# WHAT THE TASK REQUIRES
Transcribe the entries below word for word, beginning at the line with "The t-J model" and stopping after the line with "Borsa a spalla"; drop all pictures.

# ENTRIES SUPPLIED
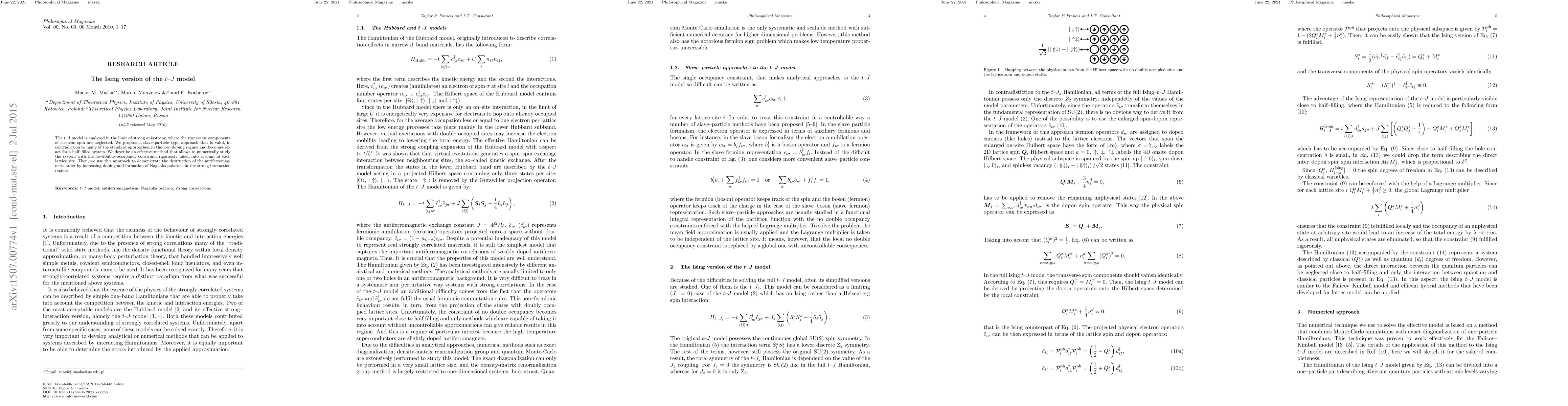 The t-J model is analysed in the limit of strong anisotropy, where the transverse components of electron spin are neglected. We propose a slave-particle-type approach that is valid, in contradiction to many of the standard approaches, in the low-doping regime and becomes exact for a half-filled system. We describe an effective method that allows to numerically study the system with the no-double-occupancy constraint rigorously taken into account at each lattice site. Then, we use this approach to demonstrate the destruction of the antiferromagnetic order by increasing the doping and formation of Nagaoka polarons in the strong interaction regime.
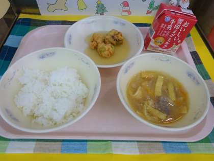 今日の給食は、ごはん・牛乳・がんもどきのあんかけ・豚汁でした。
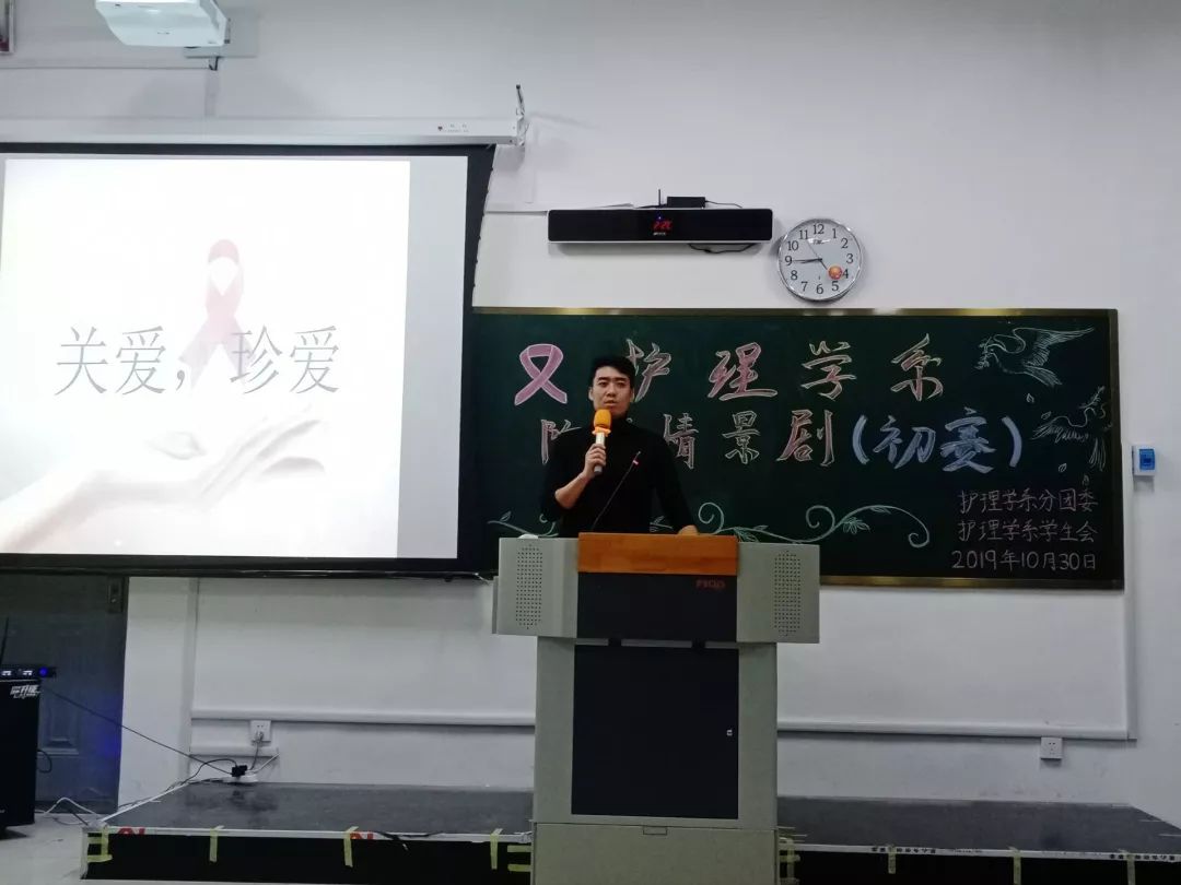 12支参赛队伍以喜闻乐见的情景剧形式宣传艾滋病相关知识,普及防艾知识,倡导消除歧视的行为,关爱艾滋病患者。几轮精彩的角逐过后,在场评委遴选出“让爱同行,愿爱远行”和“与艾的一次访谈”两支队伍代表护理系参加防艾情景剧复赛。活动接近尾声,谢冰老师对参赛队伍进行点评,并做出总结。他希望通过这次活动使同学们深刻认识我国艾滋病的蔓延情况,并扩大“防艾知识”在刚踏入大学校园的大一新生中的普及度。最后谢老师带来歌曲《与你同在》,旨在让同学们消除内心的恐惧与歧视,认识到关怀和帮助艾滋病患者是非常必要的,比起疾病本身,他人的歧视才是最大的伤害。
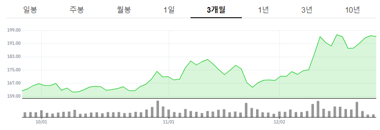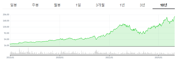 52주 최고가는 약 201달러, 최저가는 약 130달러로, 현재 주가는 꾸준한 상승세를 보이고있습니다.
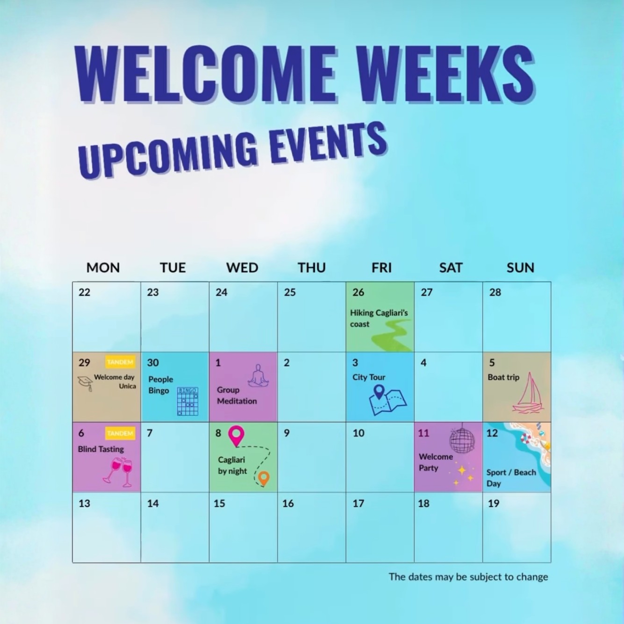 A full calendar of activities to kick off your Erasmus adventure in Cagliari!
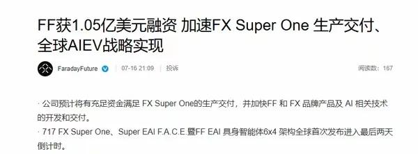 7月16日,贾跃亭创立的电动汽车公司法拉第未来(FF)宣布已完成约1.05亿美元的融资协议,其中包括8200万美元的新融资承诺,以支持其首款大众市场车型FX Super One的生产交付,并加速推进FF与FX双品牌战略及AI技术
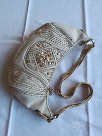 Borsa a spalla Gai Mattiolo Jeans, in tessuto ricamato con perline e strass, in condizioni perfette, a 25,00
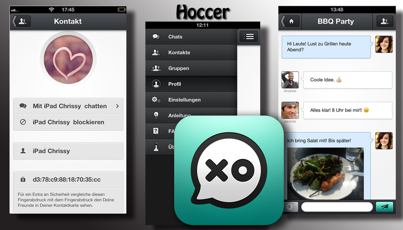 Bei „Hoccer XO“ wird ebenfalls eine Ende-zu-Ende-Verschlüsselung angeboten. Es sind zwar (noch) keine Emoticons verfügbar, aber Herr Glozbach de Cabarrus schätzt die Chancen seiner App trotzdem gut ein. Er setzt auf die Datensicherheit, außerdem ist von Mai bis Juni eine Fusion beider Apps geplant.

* * *

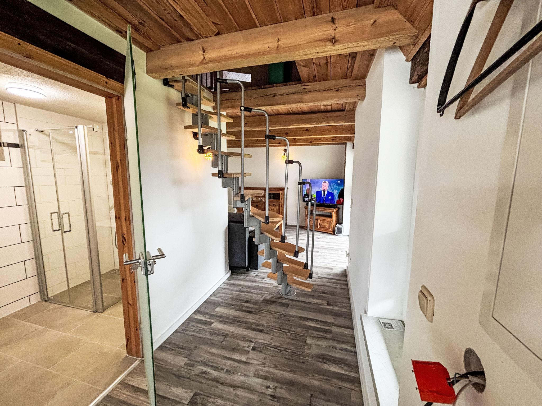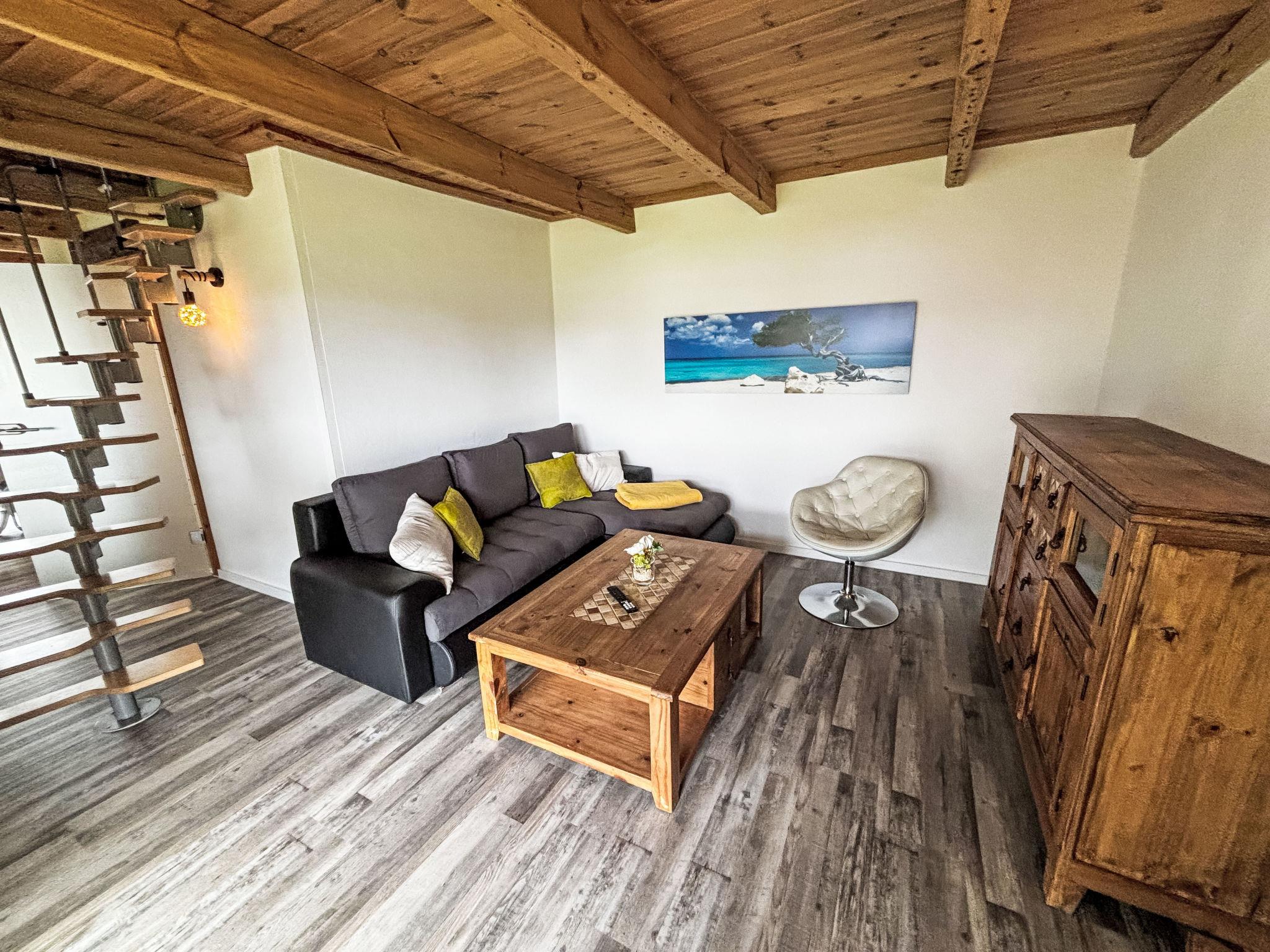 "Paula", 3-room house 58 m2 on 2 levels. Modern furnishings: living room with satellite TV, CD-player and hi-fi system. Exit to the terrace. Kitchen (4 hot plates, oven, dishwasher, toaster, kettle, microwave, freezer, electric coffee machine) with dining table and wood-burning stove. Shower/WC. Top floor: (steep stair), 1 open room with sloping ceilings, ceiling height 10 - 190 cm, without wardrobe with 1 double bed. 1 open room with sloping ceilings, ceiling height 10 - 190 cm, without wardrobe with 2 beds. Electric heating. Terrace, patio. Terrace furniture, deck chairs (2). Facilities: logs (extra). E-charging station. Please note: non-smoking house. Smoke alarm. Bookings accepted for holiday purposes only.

# RESULT
 The t-J model is analysed in the limit of strong anisotropy, where the transverse components of electron spin are neglected. We propose a slave-particle-type approach that is valid, in contradiction to many of the standard approaches, in the low-doping regime and becomes exact for a half-filled system. We describe an effective method that allows to numerically study the system with the no-double-occupancy constraint rigorously taken into account at each lattice site. Then, we use this approach to demonstrate the destruction of the antiferromagnetic order by increasing the doping and formation of Nagaoka polarons in the strong interaction regime.
 今日の給食は、ごはん・牛乳・がんもどきのあんかけ・豚汁でした。
 12支参赛队伍以喜闻乐见的情景剧形式宣传艾滋病相关知识,普及防艾知识,倡导消除歧视的行为,关爱艾滋病患者。几轮精彩的角逐过后,在场评委遴选出“让爱同行,愿爱远行”和“与艾的一次访谈”两支队伍代表护理系参加防艾情景剧复赛。活动接近尾声,谢冰老师对参赛队伍进行点评,并做出总结。他希望通过这次活动使同学们深刻认识我国艾滋病的蔓延情况,并扩大“防艾知识”在刚踏入大学校园的大一新生中的普及度。最后谢老师带来歌曲《与你同在》,旨在让同学们消除内心的恐惧与歧视,认识到关怀和帮助艾滋病患者是非常必要的,比起疾病本身,他人的歧视才是最大的伤害。
 52주 최고가는 약 201달러, 최저가는 약 130달러로, 현재 주가는 꾸준한 상승세를 보이고있습니다.
 A full calendar of activities to kick off your Erasmus adventure in Cagliari!
 7月16日,贾跃亭创立的电动汽车公司法拉第未来(FF)宣布已完成约1.05亿美元的融资协议,其中包括8200万美元的新融资承诺,以支持其首款大众市场车型FX Super One的生产交付,并加速推进FF与FX双品牌战略及AI技术
 Borsa a spalla Gai Mattiolo Jeans, in tessuto ricamato con perline e strass, in condizioni perfette, a 25,00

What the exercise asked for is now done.